To sum it all up, if you are buying a computer, look for as many processors as you can afford, with USB 3 connectors, and an SSD or NVME drive if affordable. Very few people use more than 10% of a 1TB drive, so consider 256 to 512 GB drive size if it lowers cost. If you do have high speed Internet (greater than 100 Mbps) be sure that your the WiFi connection offers 802.11ac (WiFi 5) or 802.11ax (Wifi 6) protocol speeds, or be content with wiring your laptop to the router directly or you’ll likely get at most 30 Mbps. Likewise, the routers also must be capable of the WiFi 5 or better, else it is still best to wire them in directly (the wired ports generally connect at the maximum available speed (100 Mbps to 1000 Mbps) while wireless radios often broadcast in a range from 10 to 300 Mbps).

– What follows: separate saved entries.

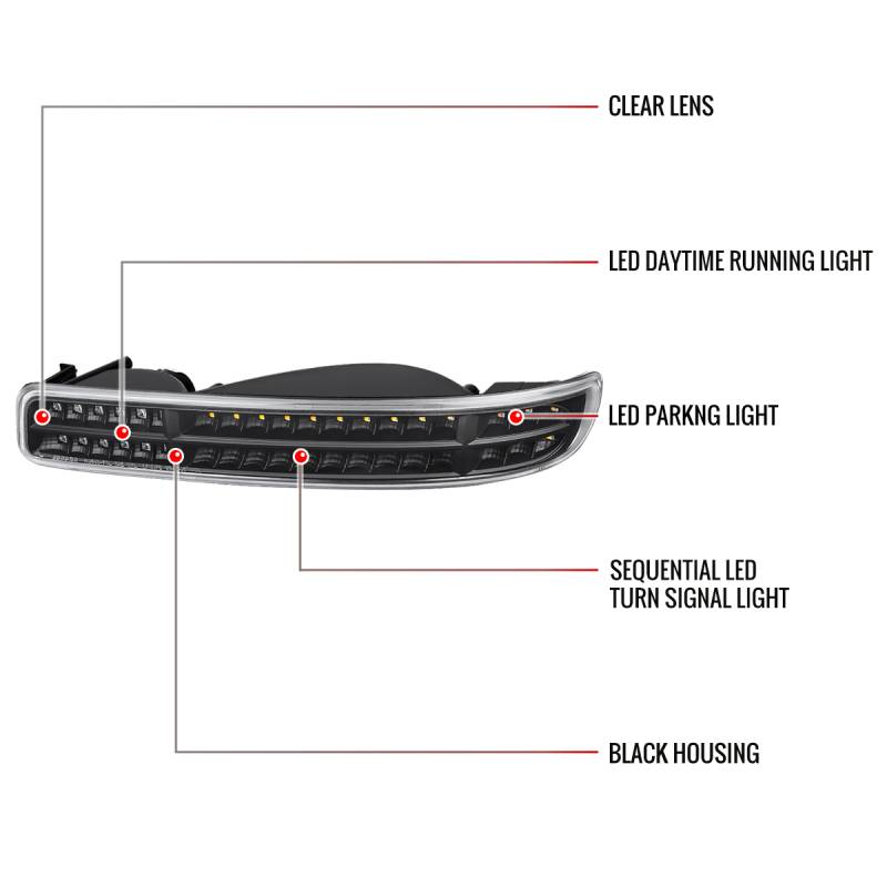 - (1) pair of matte black housing, clear lens LED bumper lights with white LED lights & sequential turn signal lights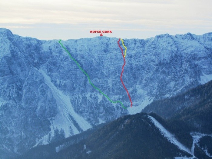 Naslovna fotografija: rdeča linija: Na svoji zemlji, rumena linija: Janezova izstopna varianta, zelena linija: sestop po "Z" grapi (ni zahodna, vendar je z grapa).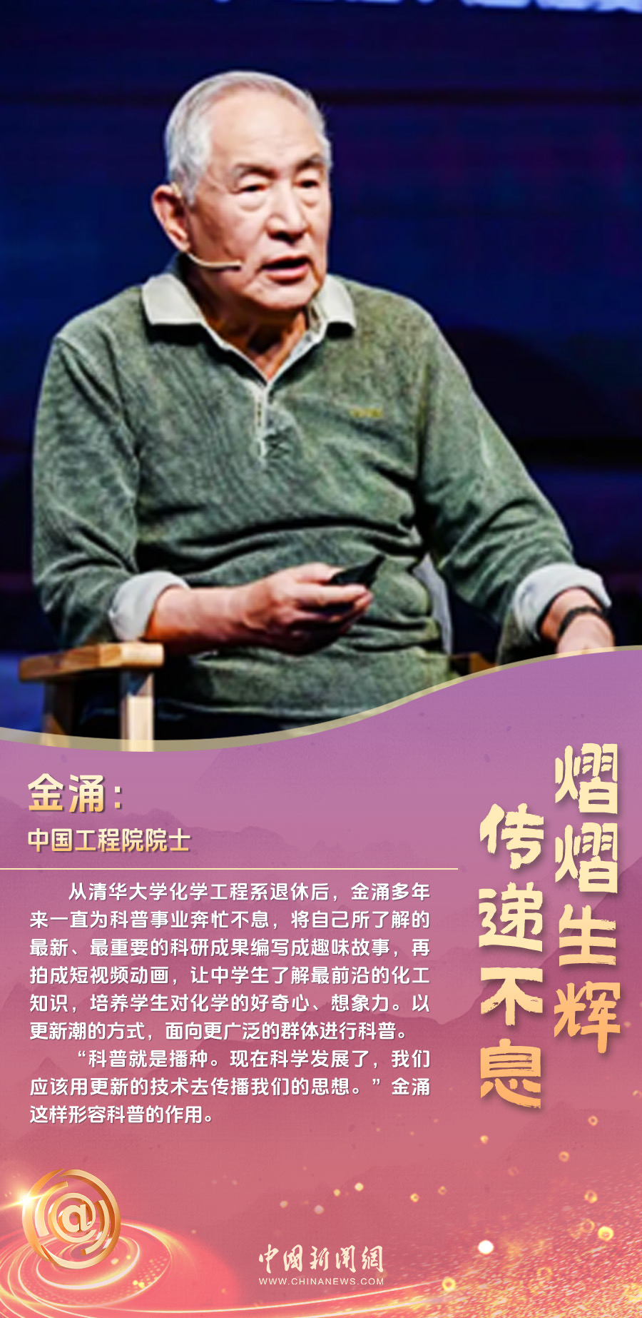 他,用一年時間,冒著嚴寒、頂著酷暑,與居民們深入溝通,解決好社區(qū)的“充電難”問題;她 ,2019年在大學(xué)校園中挺身而出,保護同學(xué),2023年成為了一名人民警察;他,從清華大學(xué)化學(xué)工程系退休后,多年來一直為科普事業(yè)奔忙不息……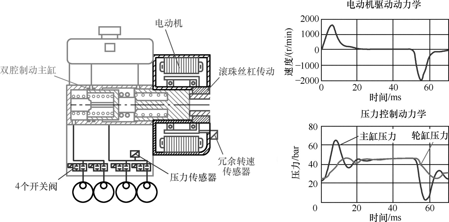 2012年,LSP公司的Heinz Leiber和Thomas Leiber推出最新的IBS系统,其结构原理及动态曲线如图2.24所示。它主要由空心电动机、滚珠丝杠、主缸、液压控制单元等组成,是一种电动助力与电液制动的结合体。空心电动机和滚珠丝杠组成助力机构,通过控制电动机输出转矩大小进行助力控制,进而得到一个良好的踏板感觉。与其他液压控制单元不同,IBS的液压调节单元只有4个电磁阀,且没有节流口,主要根据系统PV特性,通过助力机构推动活塞前进或后退来控制轮缸压力。因此,电动机的响应速度直接决定了轮缸的建压速度。该系统也具有失效备份功能。

Memory Types and Their Speeds

Memory Type	Data Transfer Rate (MT/s)	Typical Bandwidth (GB/s)	Description
DDR3	800-2133 MT/s	6.4-17 GB/s	Older standard, still in use in many systems
DDR4	1600-3200 MT/s	12.8-25.6 GB/s	Common in modern PCs and laptops
DDR5	3200-6400+ MT/s	25.6-51.2+ GB/s	Latest standard, higher performance and efficiency
LPDDR4	1600-4266 MT/s	12.8-34.1 GB/s	Low power version, used in mobile devices
LPDDR5	3200-6400+ MT/s	25.6-51.2+ GB/s	Low power, high performance, used in newer mobile devices
GDDR5	6000-8000 MT/s	192-256 GB/s	Used in graphics cards
GDDR6	12000-16000 MT/s	384-512 GB/s	Newer graphics card memory with higher bandwidth
HBM2 (High Bandwidth Memory)	2000 MT/s per pin	256-512 GB/s	Used in high-end GPUs and accelerators

* A GPU was originally a Graphics Processing Unit, designed to be a helper processor to push graphics out to the displays faster such as was required for intense games. Recently they have become everyday processors used for automation such as self-driving cars which must intensively process visual data, and artificial intelligence.